__Exercise prompt__
Leaving the pictures aside, transcribe the data below exactly.

START Records shown

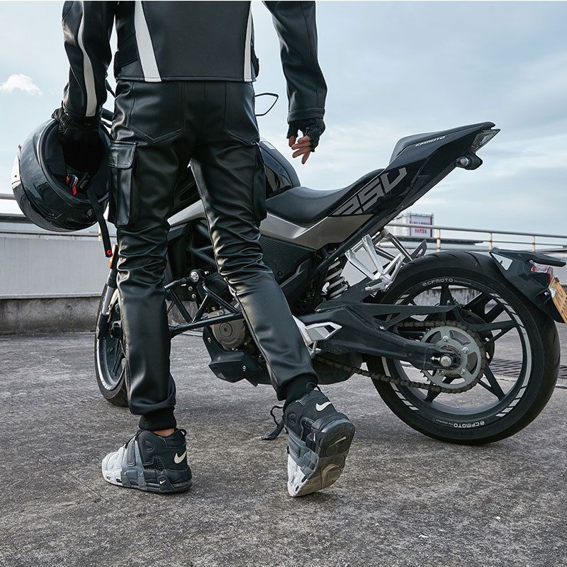 Motorcycle Loose Riding Cargo Leather Pants Man
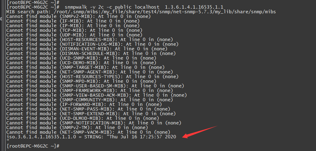 snmpwalk -v 2c -c public localhost 1.3.6.1.4.1.16535.1.1
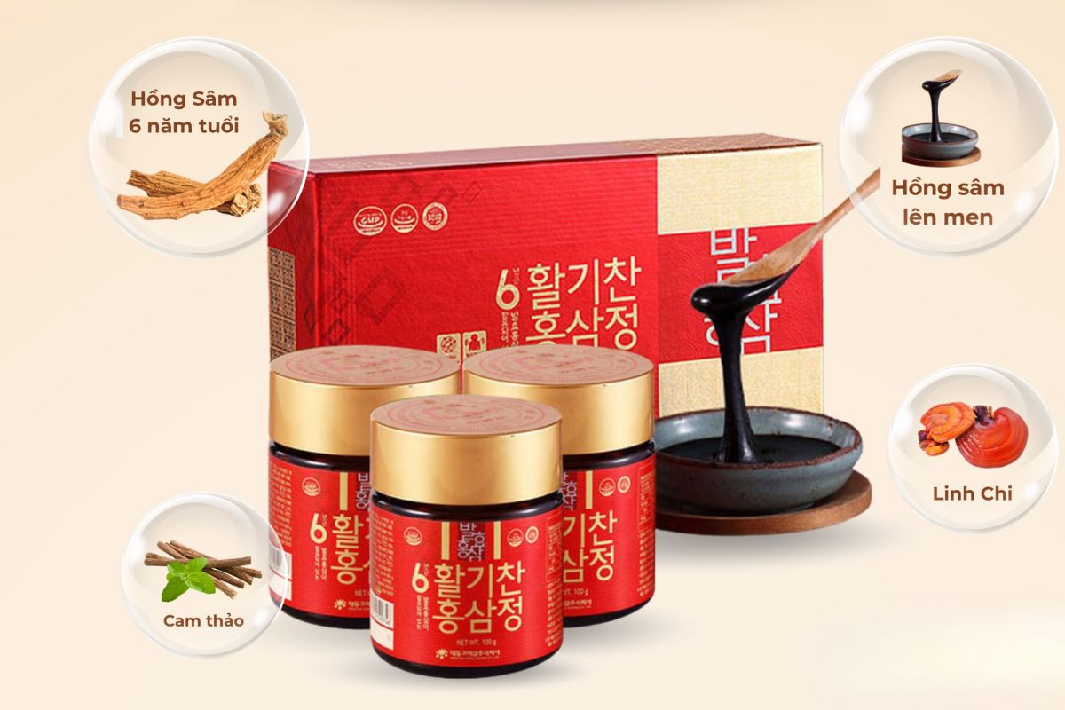 - Cao Hồng Sâm lên men 6 năm tuổi (10%): Thành phần rắn 60%, hàm lượng ginsenoside Rg1 + Rb1 + Rg3 đạt 4 mg/g; quá trình lên men bằng vi khuẩn có lợi giúp chuyển hóa thành Compound K, dễ hấp thu hơn.
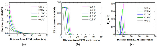 The MPB model was exercised to provide qualitative insights into the observed experimental results on electro-adsorption. The simulations included the electrical potential profiles, BB concentration along the ECM surface, and electrostatic attractive force as a function of applied membrane potential and distance from the membrane surface (Figure 9). As expected, as the distance from the membrane surface increases, the potential decreases for all applied positive potentials. The concentration of negatively charged dye along the membrane surface reached a maximum of approximately 255 mM. The maximum concentration is a function of the finite volume of BB ions that can accumulate or fit on the charged surface [22].
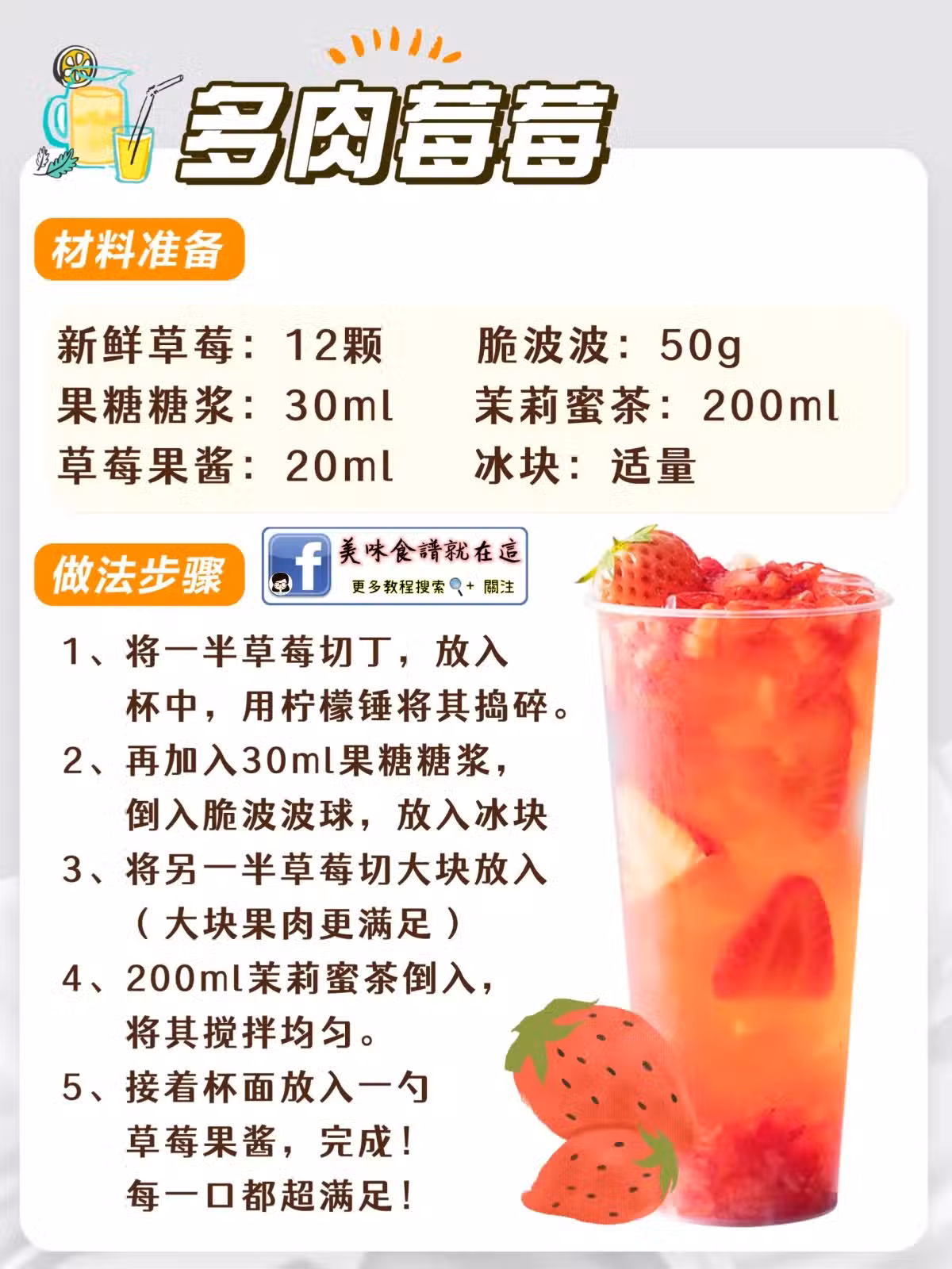 📋材料準備:新鮮草莓12顆、脆啵啵50g、果糖糖漿30ml、茉莉蜜茶200ml、草莓果醬20ml、冰塊適量
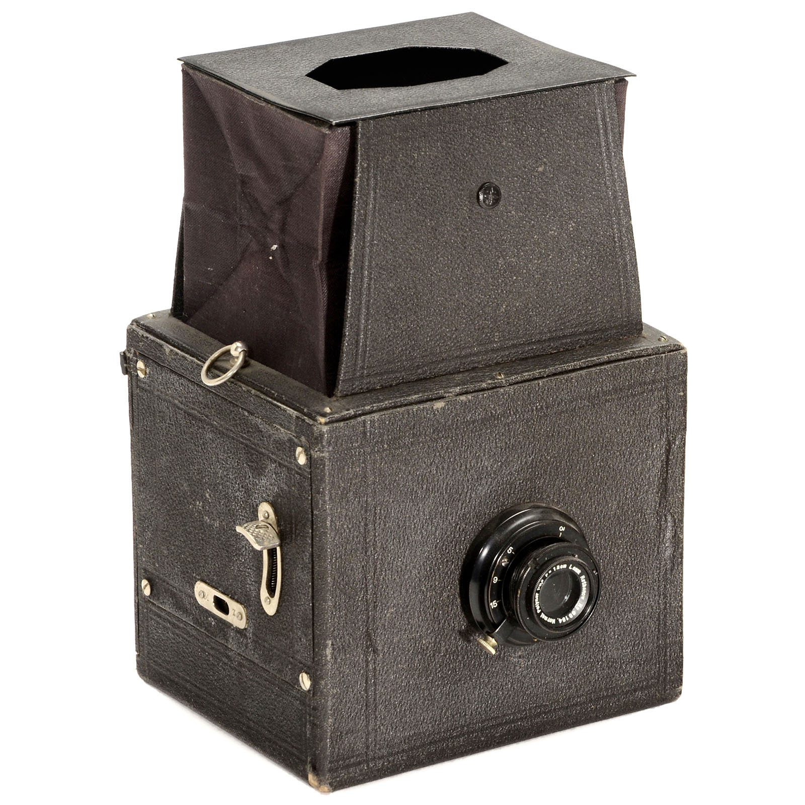 Franz Kochmann, Dresden. Box-form SLR for plates of 8,2 x 10,7 cm (rarest version), with Laack Normal Polynar 6,8/12 cm, shutter and M + Z switch not working.
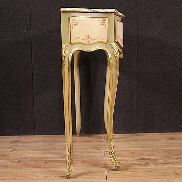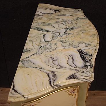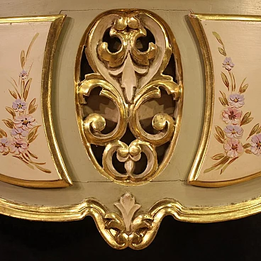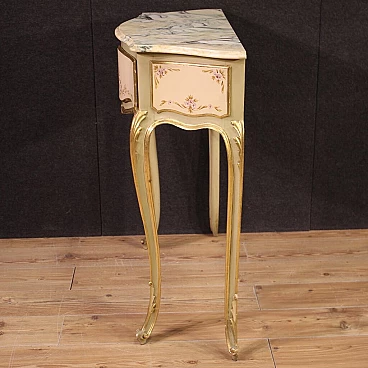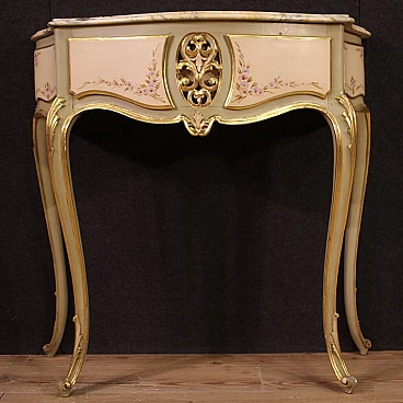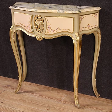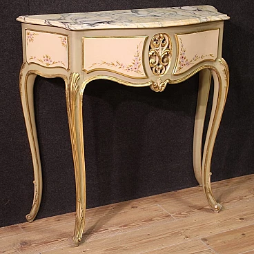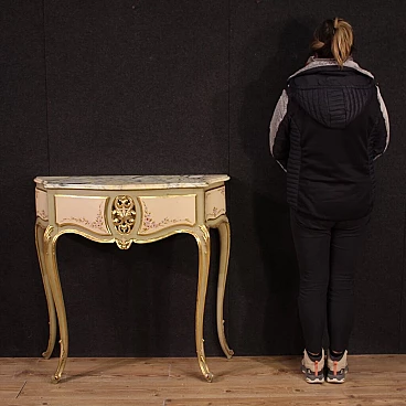 Consolle in legno laccato, dorato e dipinto con piano in marmo, anni '60
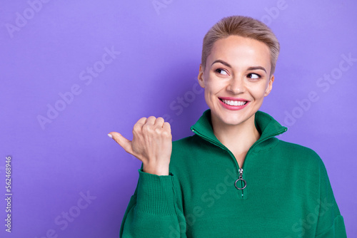 Photo of funky dreamy woman dressed green pullover looking pointing thumb empty space isolated purple color background
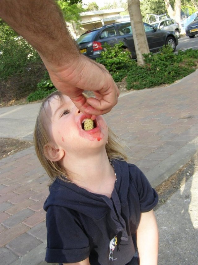 היום לא עמדנו בפיטוי וטעמנו פרי אחד. הפרי בערך בגודל של עגבניית שרי, עם גרעינים בדומה לפיטנגו. במאמץ מה, חילקנו אותו לשלושה חלקים (אורן, אני ובעלי).

END Records shown

__Solution for this exercise__
 Motorcycle Loose Riding Cargo Leather Pants Man
 snmpwalk -v 2c -c public localhost 1.3.6.1.4.1.16535.1.1
 - Cao Hồng Sâm lên men 6 năm tuổi (10%): Thành phần rắn 60%, hàm lượng ginsenoside Rg1 + Rb1 + Rg3 đạt 4 mg/g; quá trình lên men bằng vi khuẩn có lợi giúp chuyển hóa thành Compound K, dễ hấp thu hơn.
 The MPB model was exercised to provide qualitative insights into the observed experimental results on electro-adsorption. The simulations included the electrical potential profiles, BB concentration along the ECM surface, and electrostatic attractive force as a function of applied membrane potential and distance from the membrane surface (Figure 9). As expected, as the distance from the membrane surface increases, the potential decreases for all applied positive potentials. The concentration of negatively charged dye along the membrane surface reached a maximum of approximately 255 mM. The maximum concentration is a function of the finite volume of BB ions that can accumulate or fit on the charged surface [22].
 📋材料準備:新鮮草莓12顆、脆啵啵50g、果糖糖漿30ml、茉莉蜜茶200ml、草莓果醬20ml、冰塊適量
 Franz Kochmann, Dresden. Box-form SLR for plates of 8,2 x 10,7 cm (rarest version), with Laack Normal Polynar 6,8/12 cm, shutter and M + Z switch not working.
 Consolle in legno laccato, dorato e dipinto con piano in marmo, anni '60
 Photo of funky dreamy woman dressed green pullover looking pointing thumb empty space isolated purple color background
 היום לא עמדנו בפיטוי וטעמנו פרי אחד. הפרי בערך בגודל של עגבניית שרי, עם גרעינים בדומה לפיטנגו. במאמץ מה, חילקנו אותו לשלושה חלקים (אורן, אני ובעלי).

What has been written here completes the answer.